--- Work instructions ---
What you return should be the exact lines from the one with "Chic cream quilted" to the end of the records below, both included, and no pictures.

--- Data Enclosed Below ---

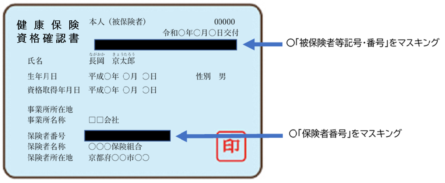 資格確認書のコピーを使用する場合は、【被保険者等記号・番号】等が見えないように隠した状態(マスキング)で同封してください。
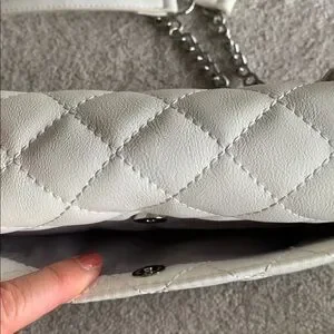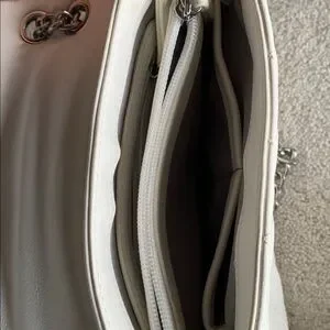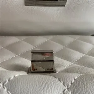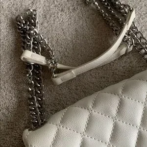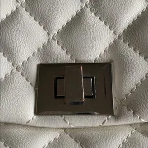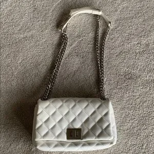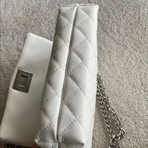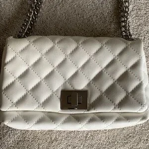 Chic cream quilted crossbody bag with chain strap. Convertible short or long strap. Features a sleek clasp closure. There is an outside pocket for your phone.
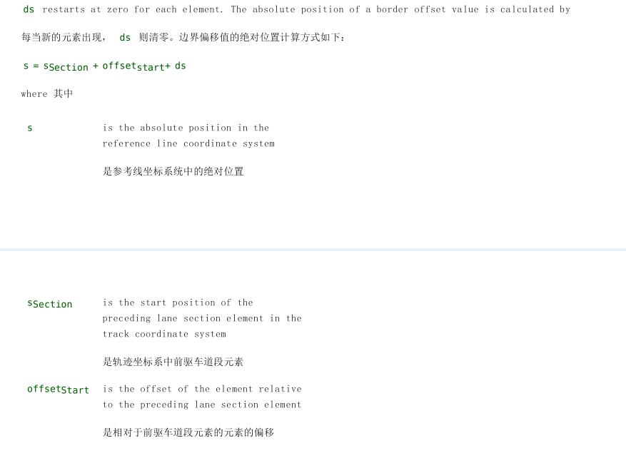 其中,s是参考线坐标系统中的绝对位置,ss是参考线坐标系统中元素的起始位置。
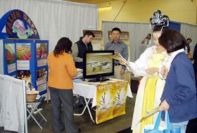 ![]() 法轮功学员向参观者讲真相及介绍神韵晚会 |
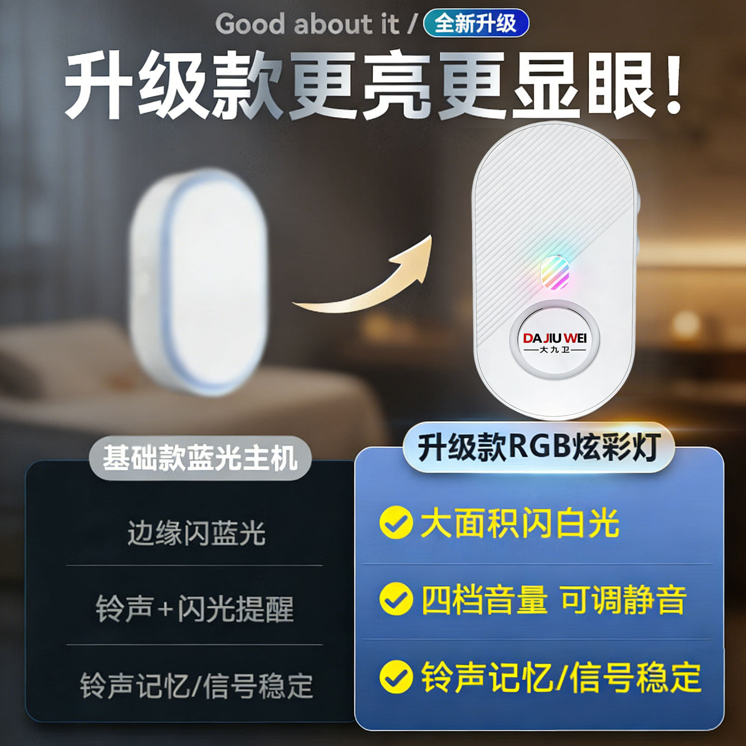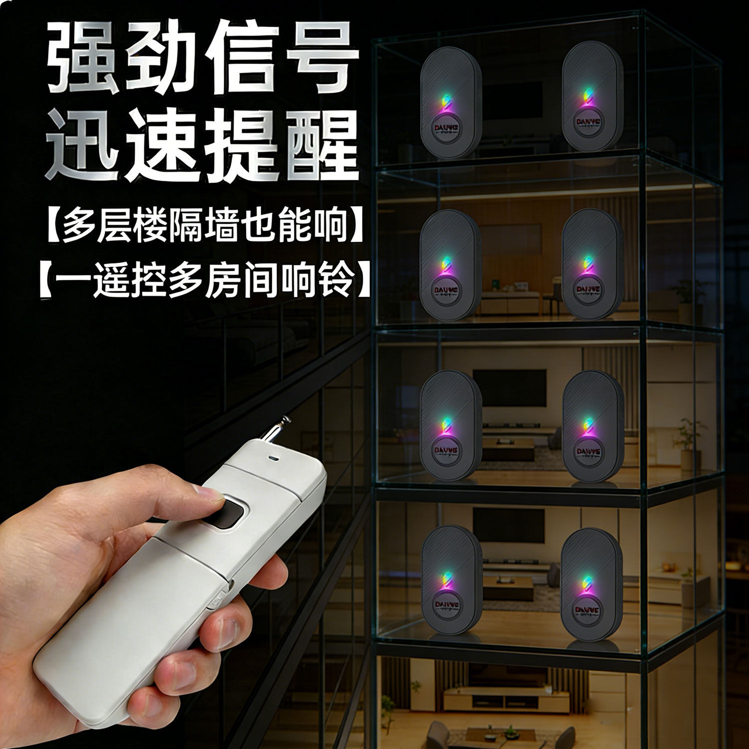 超远距离 声光闪烁提醒 可静音 支持一拖多

--- End of Enclosed Data ---

--- Response to the exercise ---
 Chic cream quilted crossbody bag with chain strap. Convertible short or long strap. Features a sleek clasp closure. There is an outside pocket for your phone.
 其中,s是参考线坐标系统中的绝对位置,ss是参考线坐标系统中元素的起始位置。
 ![]() 法轮功学员向参观者讲真相及介绍神韵晚会 |
 超远距离 声光闪烁提醒 可静音 支持一拖多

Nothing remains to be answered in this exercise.